→ WORK REQUEST:
Take the records below and extract, word for word, the lines from the one containing "接着,论坛举行厦门大学生物学" through the final line, inclusive. Omit pictures.

→ SOURCE RECORDS:

○ ○ ○

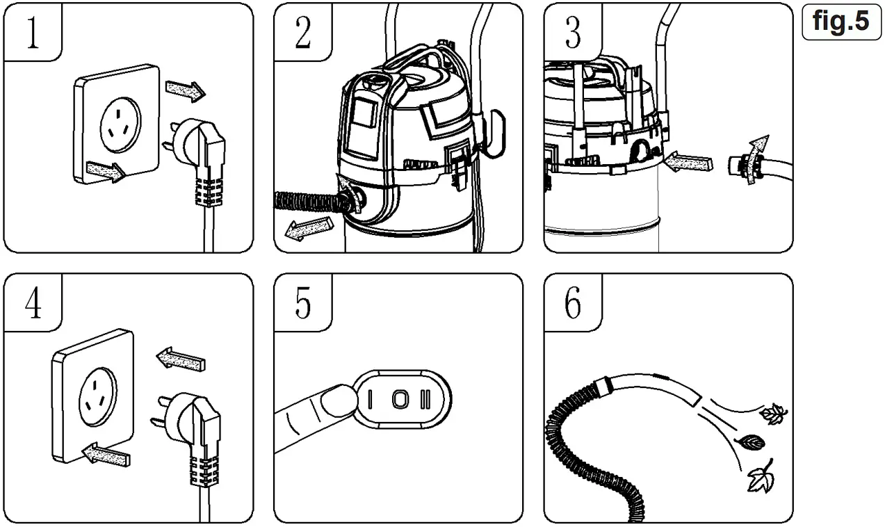 - Aim hose assembly at area to be cleared. (fig.5.6)
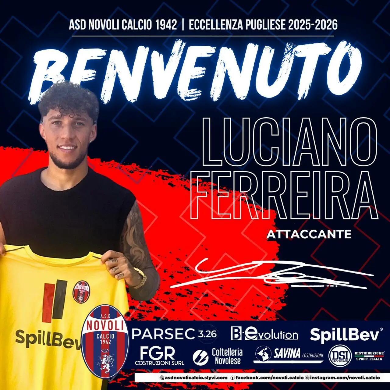 Nuovo volto per l'attacco, settimo colpo del calciomercato estivo del Novoli Calcio, velocità, abilità e senso del gol per la rosa di mister Luperto che sarà impegnata nel torneo di Eccellenza Pugliese 2025/2026. 𝑳𝒖𝒄𝒊𝒂𝒏𝒐 "𝑳𝒖𝒄𝒉𝒐" 𝑭𝒆𝒓𝒓𝒆𝒊𝒓𝒂, italo-uruguaiano classe 2000, sarà un volto nuovo anche per il "Girone Unico", dopo essersi distinto nei Dilettanti della Basilicata con le maglie di Città di Matera (Promozione) e Montescaglioso (Eccellenza), con più di 20 goal all'attivo. Prima di approdare in Italia, esperienze spagnole con le casacche dell'Atletico Astorga e Cd La Granja e nella formazione under 19 del Weston. Gli addetti ai lavori parlano di potenza fisica e intensità agonistica, per un calciatore che nelle recenti esperienze italiane ha impressionato anche per le sue giocate imprevedibili e per il fiuto della porta.
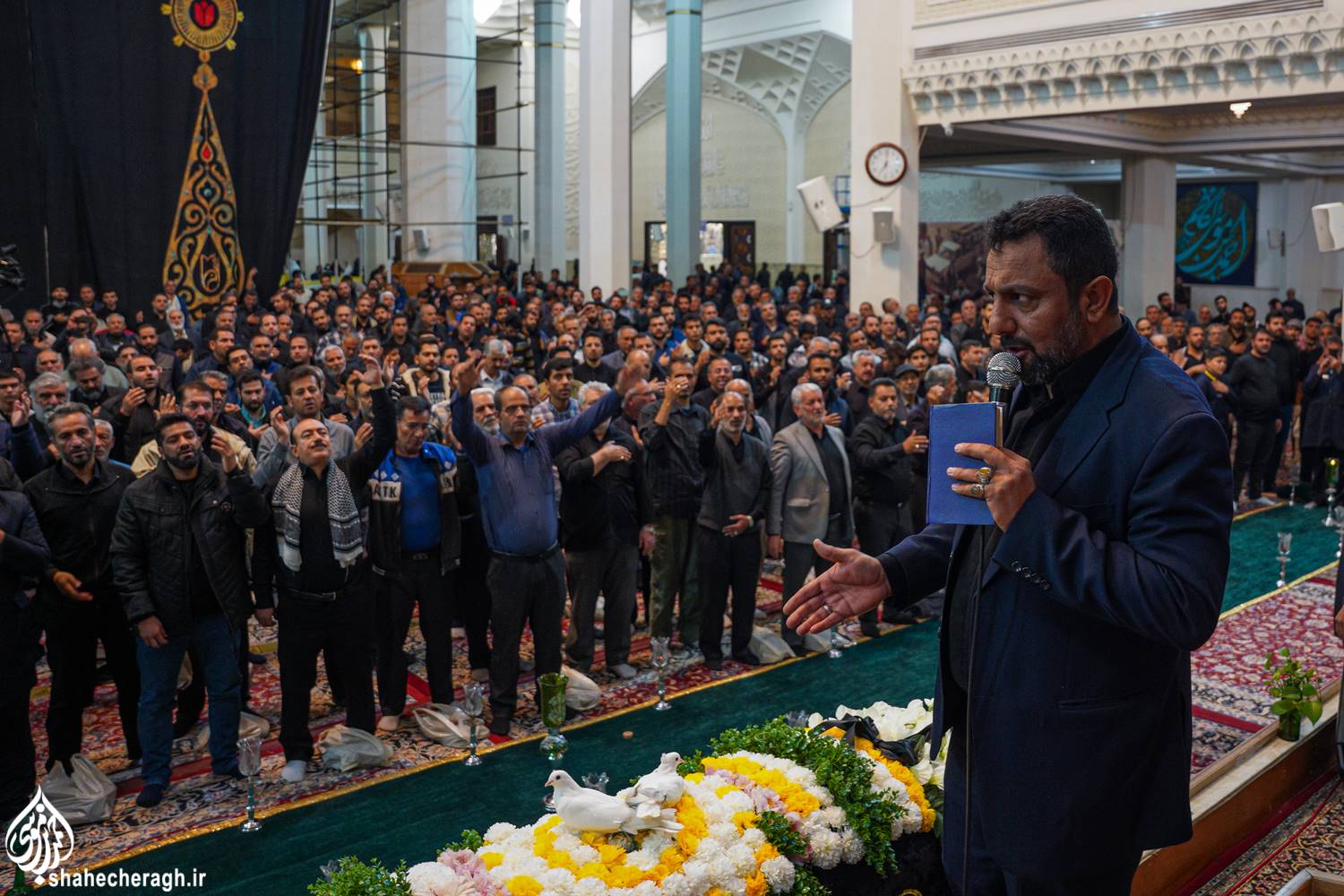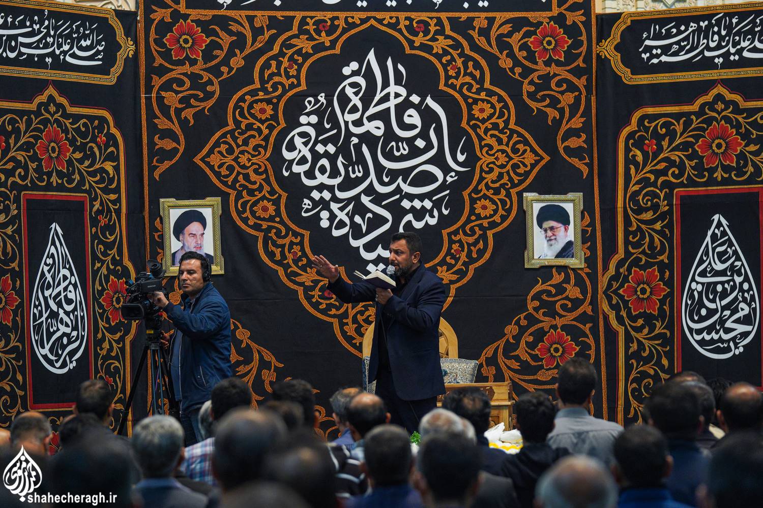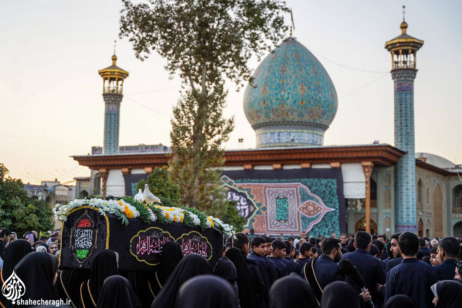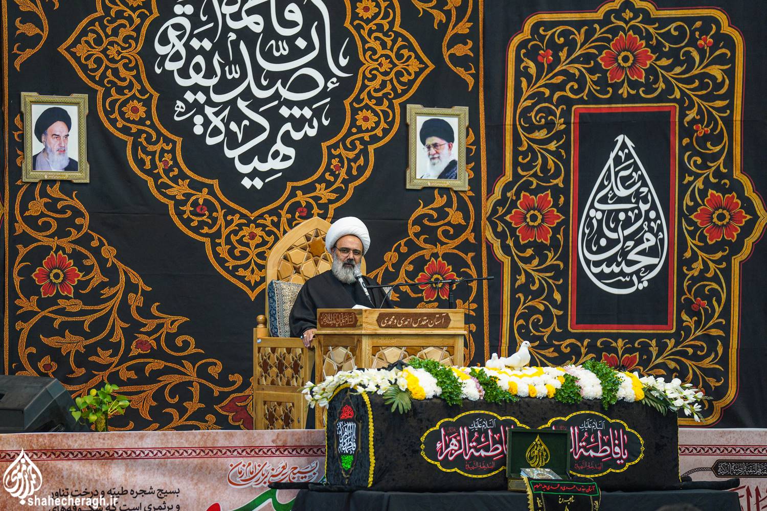 امشب، دوشنبه ۳ آذر ۱۴۰۴، در شام شهادت حضرت فاطمة الزهرا سلام الله علیها، خدام حرم مطهر در آیینی معنوی، ضمن خطبهخوانی و تشییع نمادین سَیّدةُ نساءِ العالَمین از حرم مطهر حضرت سیدمیرمحمد علیه السلام و قبور مطهر شهداء، تا حرم مطهر حضرت احمدبن موسی الکاظم علیهماالسلام و شبستان امام خمینی(قدس سره)، با در دستداشتن لاله های روشن، در رثای شهادت ام ابیها(علیهاالسلام) به عزاداری و مرثیهسرایی پرداختند.
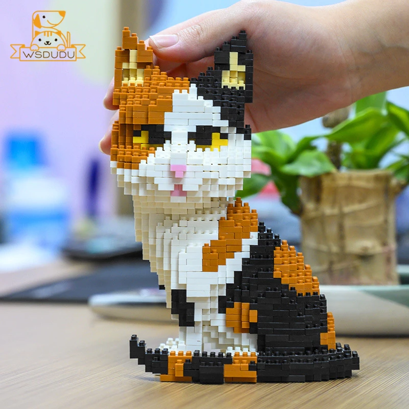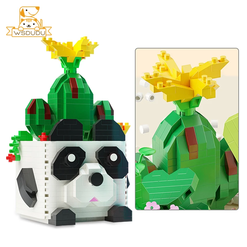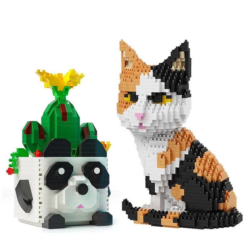 Comprar Cute Animal Building Blocks Calico Cat Panda Planter Cactus Display Micro Bricks Assembly Collectible Model Toy Adult Kids Gift
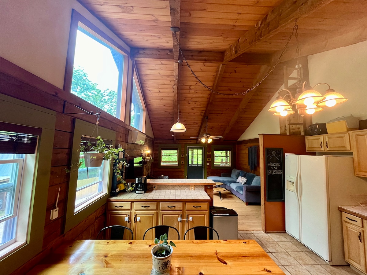 Indlu eyakhiwe ngamapulangwe e-Cloud iyindlu enhle, yekamelo lokulala elilodwa emphakathini oseceleni, ophrayivethi othule kakhulu futhi ulungiswe ngo-2023. Igumbi lokugezela lalilungiswe kabusha ngokuphelele, ifenisha entsha yegumbi lokuphumula, itafula elisha eliphezulu legumbi lokudlela lemabula, ikamelo lokulala elilungisiwe, phansi okusha. Kunombono omuhle ovela emphemeni wethu onefenisha yompheme ne-grill ye-propane. Ngaphakathi kunesakhiwo esivulekile esinophahla oluvulekile nophahla lwe-pine. I-Black Mountain yidolobha elihle kakhulu leholide, uzoyithanda le ndawo.
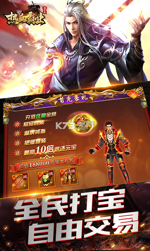 ★首充送橙色绝版武器、极品称号、麻痹戒指,并开通BOSS之家,刷BOSS无限制,战斗力暴涨10万(3角色时)助你称霸全服!
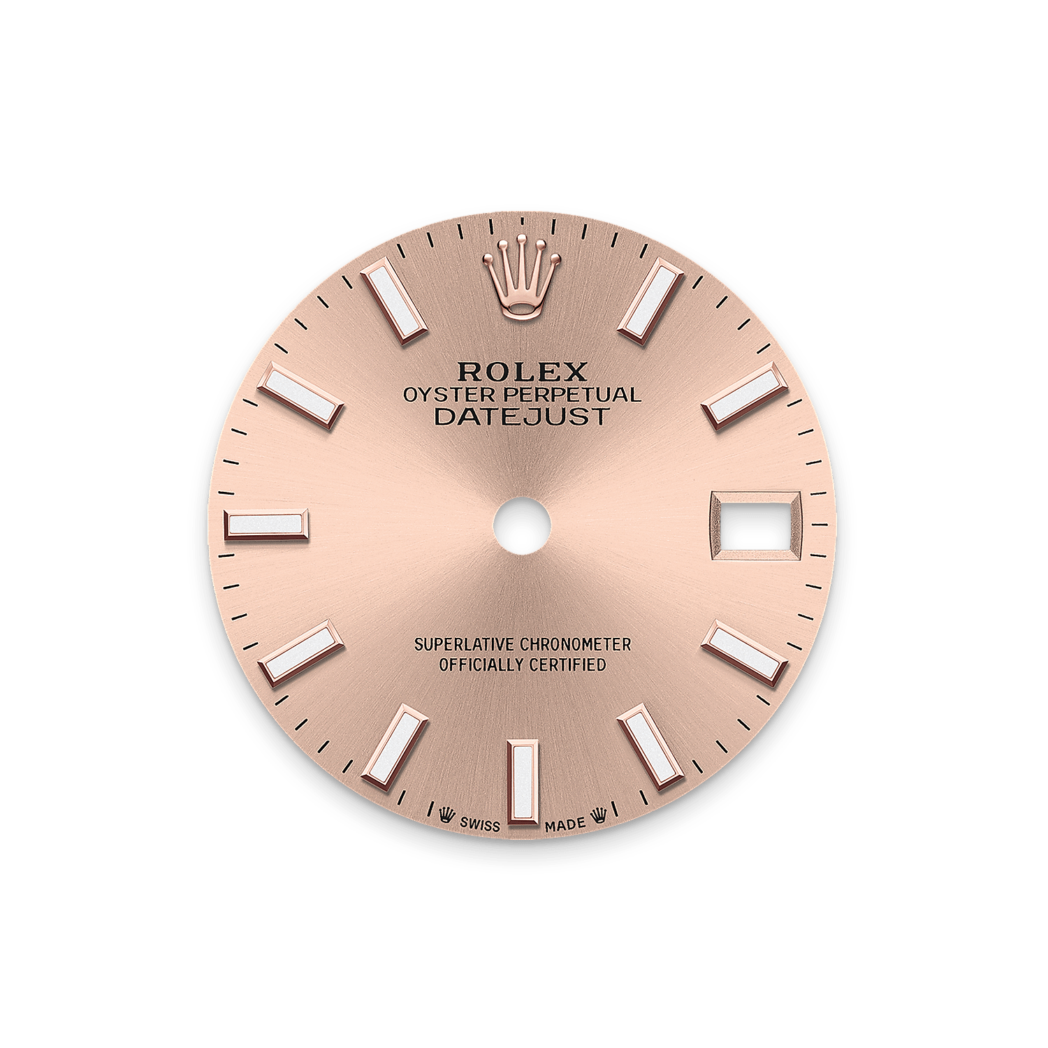 Parlayan güneş deseni, Oyster Perpetual koleksiyonundaki birçok kadranda zarif ışık yansımaları yaratır. Kadranın merkezinden dışarı doğru yayılan oluklar oluşturan, ustalıklı fırçalama teknikleriyle elde edilir.
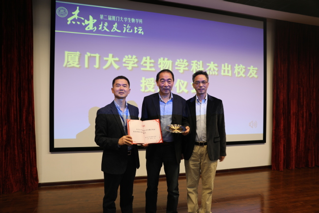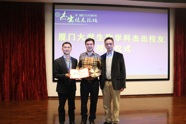 接着,论坛举行厦门大学生物学科杰出校友授牌仪式,张明智书记、周大旺院长为唐亮校友、路杨校友、何南海校友颁发厦门大学生物学科杰出校友纪念牌和厦门大学生物学科百年庆典顾问委员会委员聘书。
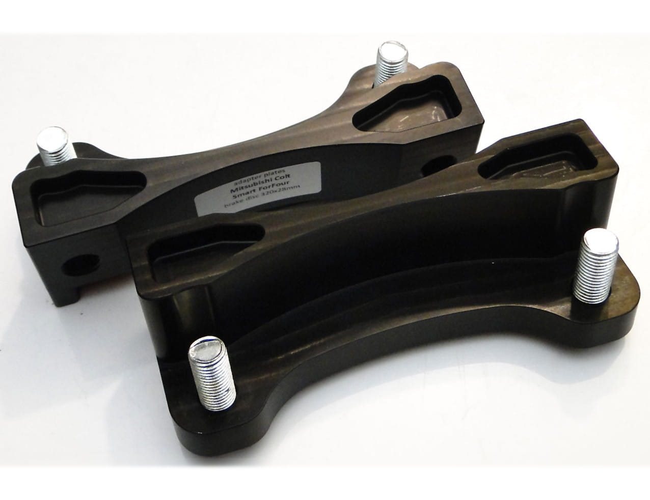 Brake caliper adapters are made of aluminum magnesium, which is widely used in motorsports. It is characterized by high mechanical strength, comparable to steel, and a low dead weight, 70% less than steel.
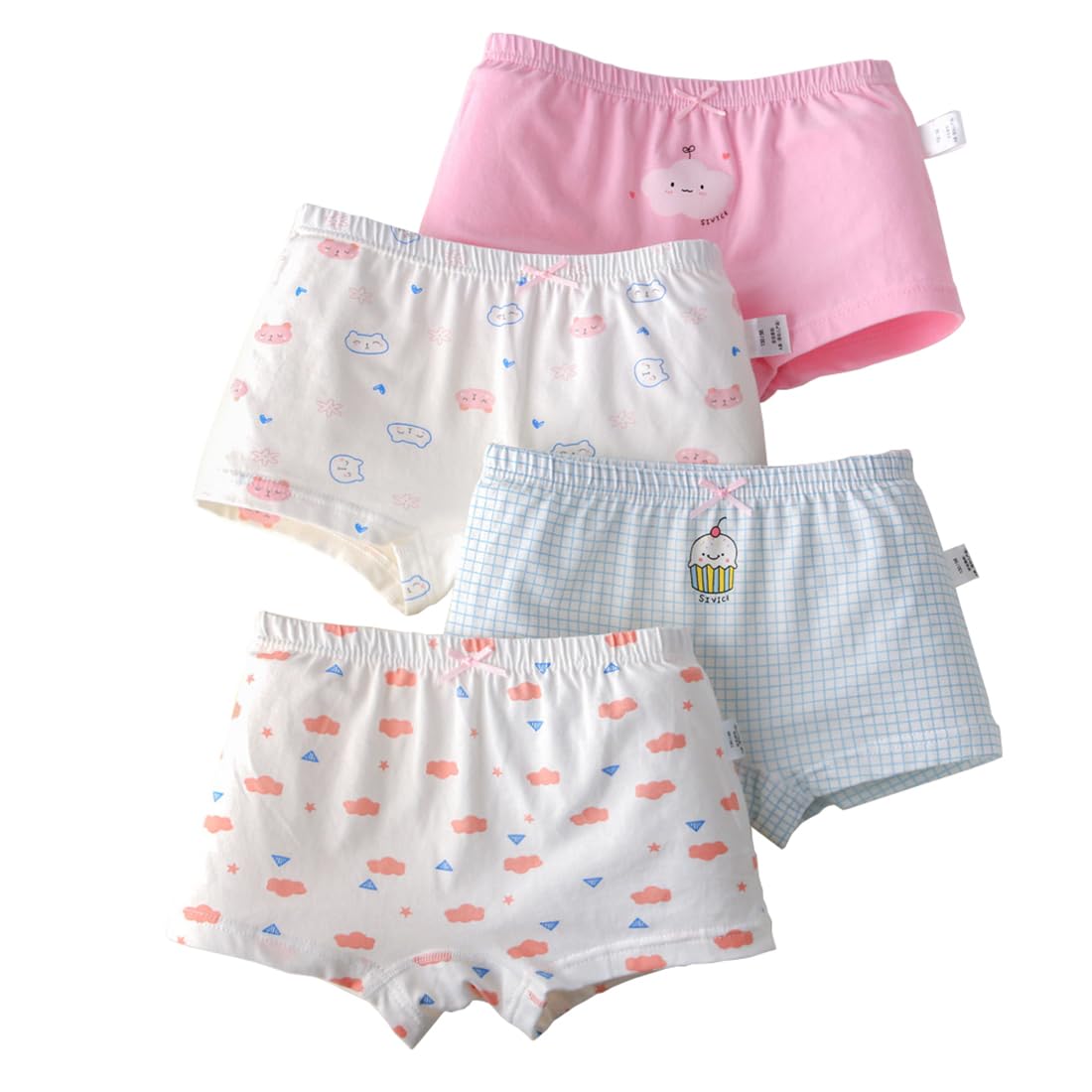 【送料無料】[eipatu] キッズ ボクサーパンツ ガールズ パンツ ショーツ 女の子 ジュニア リボン インナー コットン 4枚セット 赤ちゃん 下着 子供パンツ 肌着 柄 かわいい 色:猫柄、サイズ:100
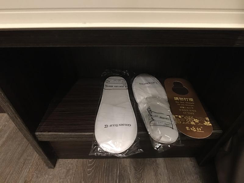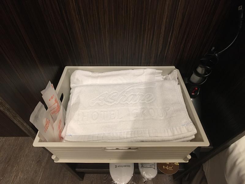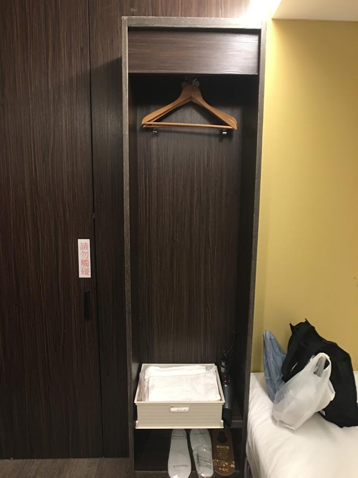 床鋪一旁有一個簡易式衣櫥,裡面有吹風機、拖鞋、毛巾、盥洗用品

○ ○ ○

→ OUTPUT OF THE TASK:
 接着,论坛举行厦门大学生物学科杰出校友授牌仪式,张明智书记、周大旺院长为唐亮校友、路杨校友、何南海校友颁发厦门大学生物学科杰出校友纪念牌和厦门大学生物学科百年庆典顾问委员会委员聘书。
 Brake caliper adapters are made of aluminum magnesium, which is widely used in motorsports. It is characterized by high mechanical strength, comparable to steel, and a low dead weight, 70% less than steel.
 【送料無料】[eipatu] キッズ ボクサーパンツ ガールズ パンツ ショーツ 女の子 ジュニア リボン インナー コットン 4枚セット 赤ちゃん 下着 子供パンツ 肌着 柄 かわいい 色:猫柄、サイズ:100
 床鋪一旁有一個簡易式衣櫥,裡面有吹風機、拖鞋、毛巾、盥洗用品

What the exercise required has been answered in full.